%%

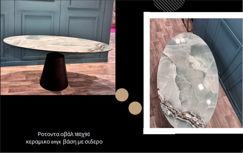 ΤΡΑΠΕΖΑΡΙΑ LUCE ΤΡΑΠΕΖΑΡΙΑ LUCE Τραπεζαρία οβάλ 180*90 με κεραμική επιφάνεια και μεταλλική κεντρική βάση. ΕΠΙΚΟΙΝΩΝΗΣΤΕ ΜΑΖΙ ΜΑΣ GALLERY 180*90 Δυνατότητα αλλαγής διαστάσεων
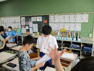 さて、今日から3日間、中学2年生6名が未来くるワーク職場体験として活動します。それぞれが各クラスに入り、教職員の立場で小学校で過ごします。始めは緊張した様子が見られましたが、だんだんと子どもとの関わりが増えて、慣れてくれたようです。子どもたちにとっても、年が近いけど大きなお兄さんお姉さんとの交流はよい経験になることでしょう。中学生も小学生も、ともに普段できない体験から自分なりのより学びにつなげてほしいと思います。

%%
%%

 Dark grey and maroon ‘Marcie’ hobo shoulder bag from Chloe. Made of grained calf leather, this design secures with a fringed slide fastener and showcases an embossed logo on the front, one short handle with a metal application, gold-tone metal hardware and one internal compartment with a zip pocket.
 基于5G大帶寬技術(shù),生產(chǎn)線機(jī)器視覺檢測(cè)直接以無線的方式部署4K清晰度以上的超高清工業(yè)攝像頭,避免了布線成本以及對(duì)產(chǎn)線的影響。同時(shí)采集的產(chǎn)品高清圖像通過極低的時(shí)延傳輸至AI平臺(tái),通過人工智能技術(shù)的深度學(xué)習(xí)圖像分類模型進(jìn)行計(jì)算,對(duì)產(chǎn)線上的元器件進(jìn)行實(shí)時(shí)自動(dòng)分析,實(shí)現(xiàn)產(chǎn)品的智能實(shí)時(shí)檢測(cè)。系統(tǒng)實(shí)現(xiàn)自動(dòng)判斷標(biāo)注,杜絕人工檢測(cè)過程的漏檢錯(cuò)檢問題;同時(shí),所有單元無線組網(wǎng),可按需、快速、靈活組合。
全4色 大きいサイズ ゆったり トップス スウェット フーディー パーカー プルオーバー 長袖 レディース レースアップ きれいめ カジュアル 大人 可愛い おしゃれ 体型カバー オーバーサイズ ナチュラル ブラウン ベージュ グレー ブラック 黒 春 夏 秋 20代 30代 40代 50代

%%
%%

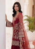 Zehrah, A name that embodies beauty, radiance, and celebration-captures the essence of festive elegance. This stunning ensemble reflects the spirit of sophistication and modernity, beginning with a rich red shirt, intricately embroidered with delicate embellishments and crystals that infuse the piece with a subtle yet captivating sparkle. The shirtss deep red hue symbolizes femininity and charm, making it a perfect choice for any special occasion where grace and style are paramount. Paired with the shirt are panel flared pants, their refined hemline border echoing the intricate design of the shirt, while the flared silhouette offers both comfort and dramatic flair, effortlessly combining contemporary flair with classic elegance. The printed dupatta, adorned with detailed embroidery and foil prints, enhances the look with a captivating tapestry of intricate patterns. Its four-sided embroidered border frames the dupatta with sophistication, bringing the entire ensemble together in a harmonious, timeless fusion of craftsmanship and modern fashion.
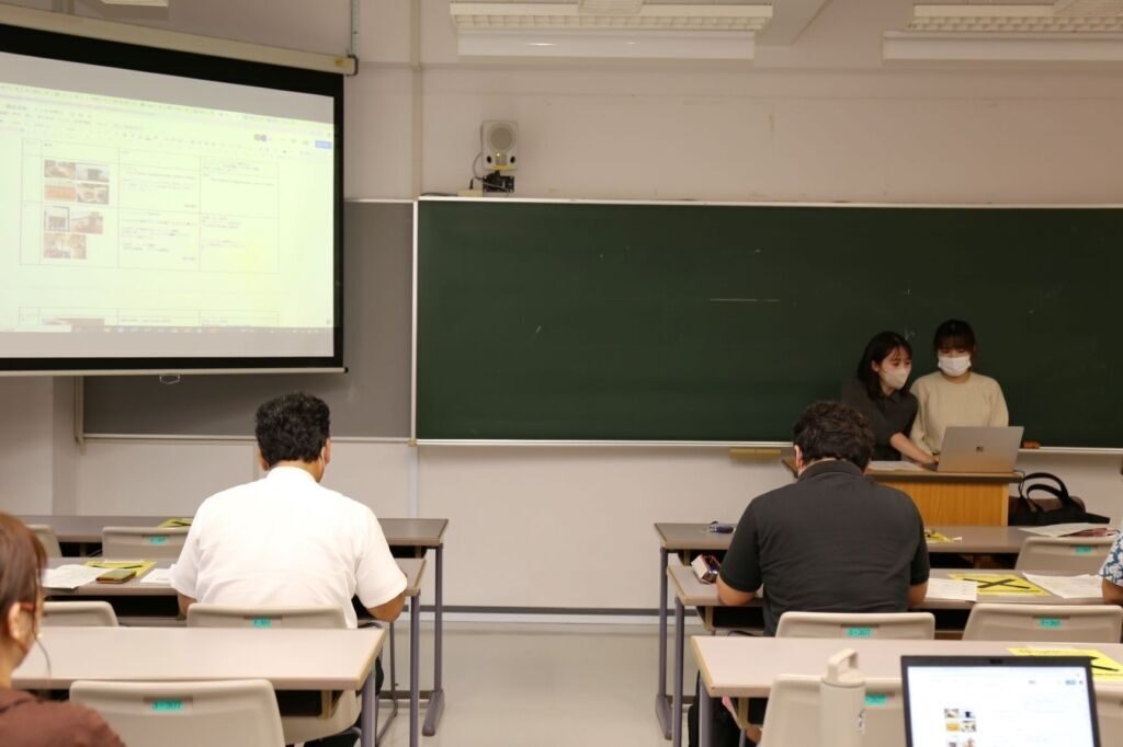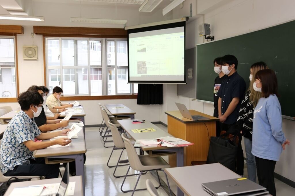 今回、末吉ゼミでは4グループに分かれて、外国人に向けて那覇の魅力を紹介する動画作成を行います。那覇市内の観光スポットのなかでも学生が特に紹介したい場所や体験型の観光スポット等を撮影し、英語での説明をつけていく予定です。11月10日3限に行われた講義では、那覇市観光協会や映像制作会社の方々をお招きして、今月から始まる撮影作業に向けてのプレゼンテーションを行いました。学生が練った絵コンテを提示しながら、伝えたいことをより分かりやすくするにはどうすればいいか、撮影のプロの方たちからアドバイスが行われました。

%%

> **About this task**
In the data above, take the line with "ΤΡΑΠΕΖΑΡΙΑ LUCE ΤΡΑΠΕΖΑΡΙΑ", the line with "さて、今日から3日間、中学2", and every line between, and set them down exactly without pictures.

> **Task output**
 ΤΡΑΠΕΖΑΡΙΑ LUCE ΤΡΑΠΕΖΑΡΙΑ LUCE Τραπεζαρία οβάλ 180*90 με κεραμική επιφάνεια και μεταλλική κεντρική βάση. ΕΠΙΚΟΙΝΩΝΗΣΤΕ ΜΑΖΙ ΜΑΣ GALLERY 180*90 Δυνατότητα αλλαγής διαστάσεων
 さて、今日から3日間、中学2年生6名が未来くるワーク職場体験として活動します。それぞれが各クラスに入り、教職員の立場で小学校で過ごします。始めは緊張した様子が見られましたが、だんだんと子どもとの関わりが増えて、慣れてくれたようです。子どもたちにとっても、年が近いけど大きなお兄さんお姉さんとの交流はよい経験になることでしょう。中学生も小学生も、ともに普段できない体験から自分なりのより学びにつなげてほしいと思います。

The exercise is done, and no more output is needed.